Who Pays the "Optimism Tax"? The Micro-Truth of Wealth Transfer in Prediction Markets
- Core Viewpoint: Analysis of transaction data from the prediction market Kalshi reveals that market efficiency does not rely entirely on rational behavior. Instead, there exists a systematic wealth transfer mechanism driven by behavioral biases. Irrational "takers" tend to overpay for low-probability affirmative outcomes (YES contracts), while rational "makers" capture this portion of the "optimism tax" by providing liquidity.
- Key Elements:
- Data confirms the existence of a "high-risk betting bias": Contracts trading at 5 cents have an actual win rate of only 4.18%, significantly lower than their implied probability of 5%, while contracts at 95 cents have a win rate as high as 95.83%.

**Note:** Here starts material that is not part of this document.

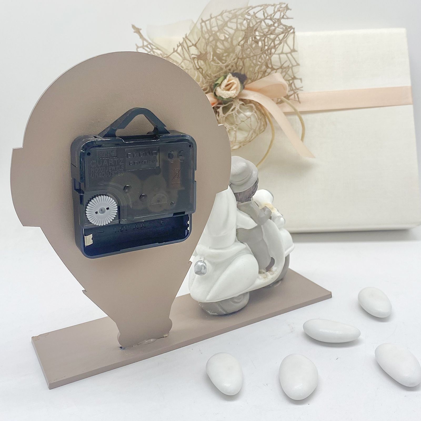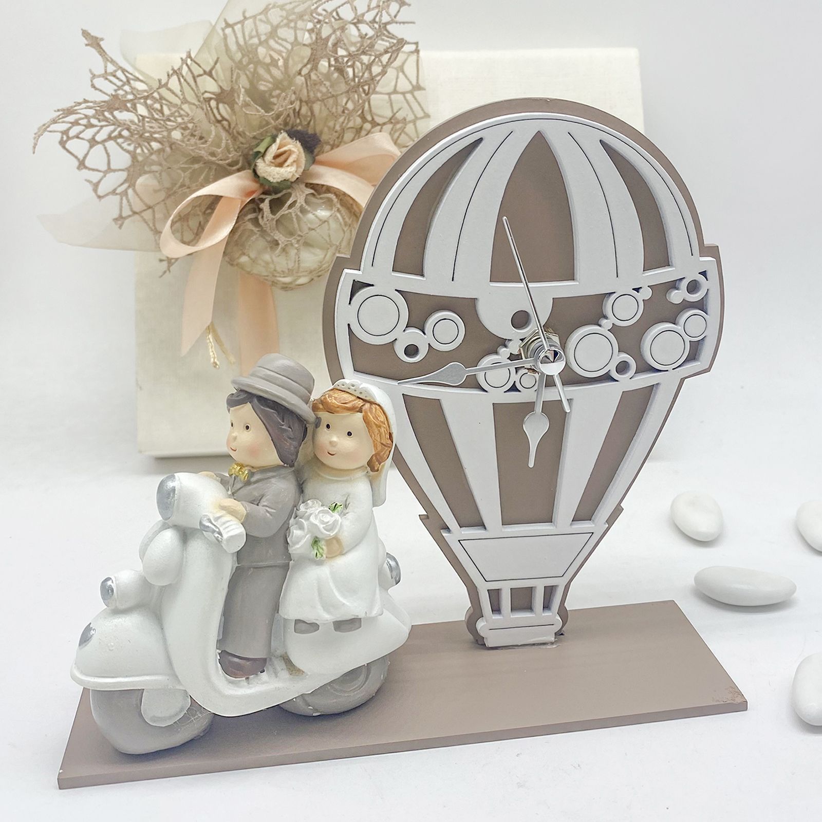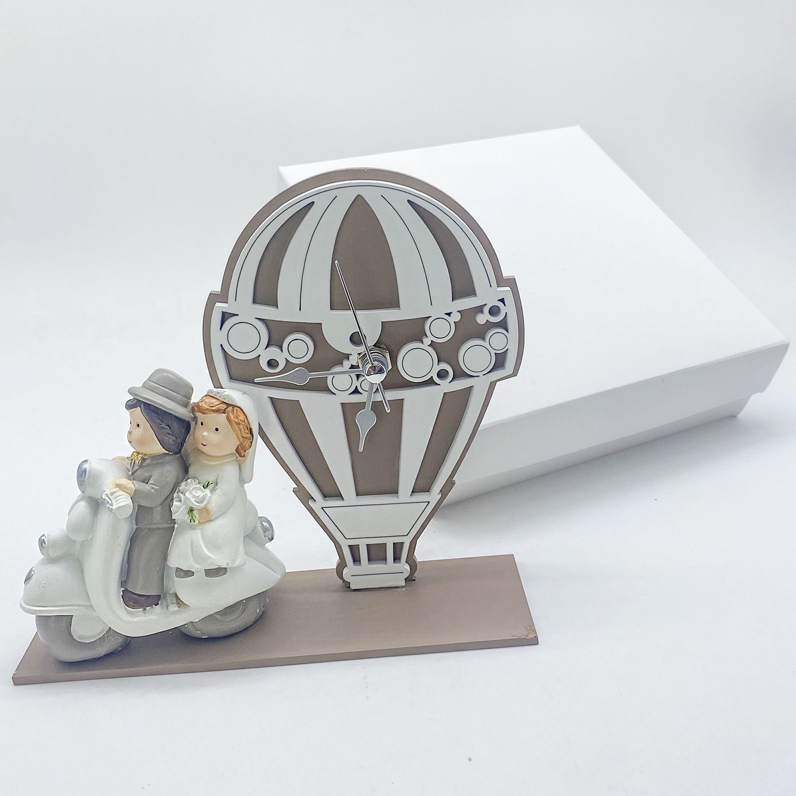 Per un matrimonio o un anniversario che merita di essere ricordato, questa bomboniera è la scelta perfetta. L'orologio a forma di mongolfiera, con la statuina di sposi su moto, rappresenta un gesto romantico e significativo che celebra l'unione e l'avventura condivisa.

- Wealth transfers from "takers" to "makers": Across 80 price levels, "takers" exhibit negative excess returns, while "makers" show positive returns at the same levels. This effect is most pronounced in high-engagement categories like sports and entertainment.
- Existence of "YES/NO asymmetry": At the same price point (e.g., 1 cent), the historical expected return for buying a "YES" contract is -41%, while for a "NO" contract it is +23%, a difference of 64 percentage points.

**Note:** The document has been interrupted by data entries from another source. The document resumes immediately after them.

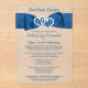 If you've found the love of your life and want to invite all your family and friends to witness the joining of your two hearts, then this royal blue on frosted acrylic wedding invitation with images of a pair of joined hearts on a 2D PRINTED ON blue ribbon and bow ribbon image running across the top of the invitation is sure to get everyone's attention. Above the hearts, a customizable line of text says, "Two Hearts, One Love". Your wedding ceremony, reception details, and RSVP info are printed below the ribbon image in royal blue. If you need any additional matching items, please email your request to niteowlstudio@gmail.com or use the Zazzle chat feature to get in touch.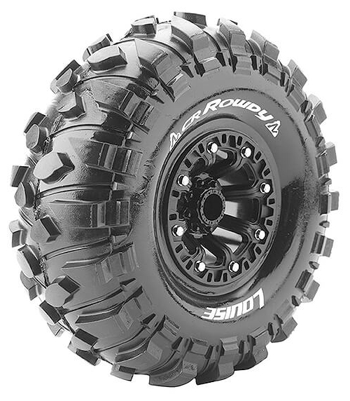 Series: CR-RowdyCompound: Super SoftColour: Black ChromeHex Fitment: 12mmFits: 2.2" CrawlerTyre Width: 58.9mmTyre Diameter: 150.6mmWheel Offset: TBCIncludes Insert: YesGlued: Yes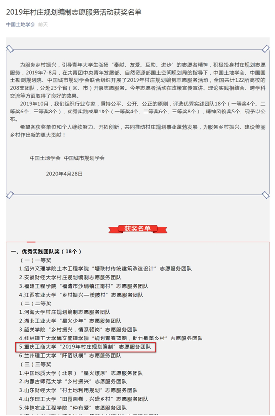 近日,中国土地学会公布了“2019年村庄规划志愿服务全国大学生暑期社会实践专项行动”的获奖名单,金年会旅游与国土资源学院“2019年村庄规划编制”志愿服务团队荣获优秀实践团队二等奖。这是继2018年荣获全国优秀实践成果一等奖以来,旅游与国土资源学院实践团队第二次获得同类奖项,团队获奖作品由人文地理与城乡规划系专业教师郑凌予、蒲海霞,土地资源管理系专业教师鄂诗璇和辅导员胡菡共同指导。

- Market maturity is key: In the platform's early days, "takers" profited. However, after the trading volume surge in 2024, professional market makers entered, leading to a reversal in the direction of wealth transfer, highlighting the importance of liquidity professionalism.
- Significant efficiency differences across market categories: Financial markets are close to efficient (gap of only 0.17 percentage points), while categories like entertainment and world events have the lowest efficiency (gap exceeding 7 percentage points), indicating that participant composition and emotional investment profoundly affect market efficiency.

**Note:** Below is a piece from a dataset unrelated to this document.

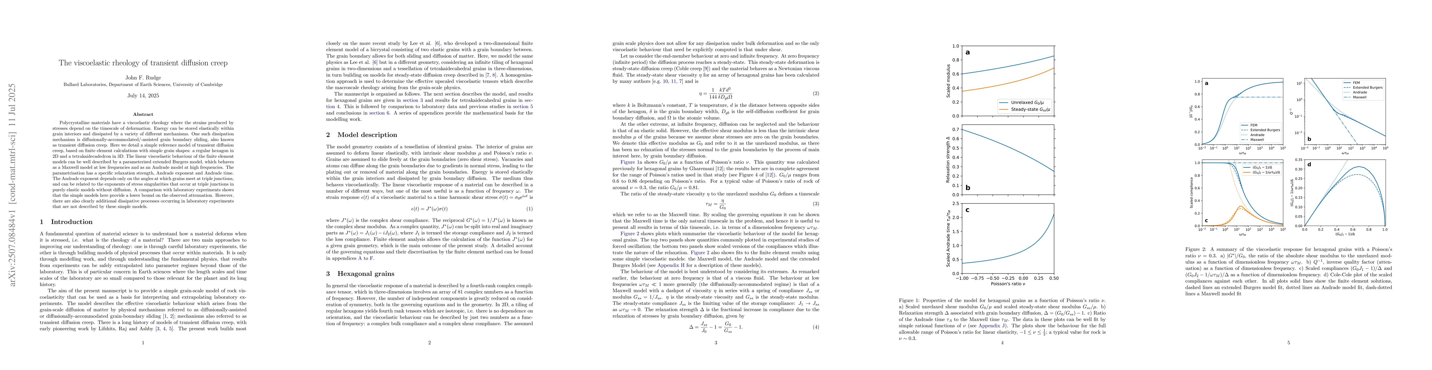 Polycrystalline materials have a viscoelastic rheology where the strains produced by stresses depend on the timescale of deformation. Energy can be stored elastically within grain interiors and dissipated by a variety of different mechanisms. One such dissipation mechanism is diffusionally-accommodated/-assisted grain boundary sliding, also known as transient diffusion creep. Here we detail a simple reference model of transient diffusion creep, based on finite element calculations with simple grain shapes: a regular hexagon in 2D and a tetrakaidecadedron in 3D. The linear viscoelastic behaviour of the finite element models can be well described by a parameterised extended Burgers model, which behaves as a Maxwell model at low frequencies and as an Andrade model at high frequencies. The parametrisation has a specific relaxation strength, Andrade exponent and Andrade time. The Andrade exponent depends only on the angles at which grains meet at triple junctions, and can be related to the exponents of stress singularities that occur at triple junctions in purely elastic models without diffusion. A comparison with laboratory experiments shows that the simple models here provide a lower bound on the observed attenuation. However, there are also clearly additional dissipative processes occurring in laboratory experiments that are not described by these simple models.

Original Title: The Microstructure of Wealth Transfer in Prediction Markets
Original Author: Jonathan Becker
Original Compilation: SpecialistXBT, BlockBeats
Editor's Note: The author provides a detailed analysis of how the irrational preference of retail traders between "longshot outcomes" and "affirmative outcomes" contributes to the creation of an "optimism tax." This is not only a hardcore analysis of market microstructure but also a must-read guide for every prediction market participant to avoid pitfalls.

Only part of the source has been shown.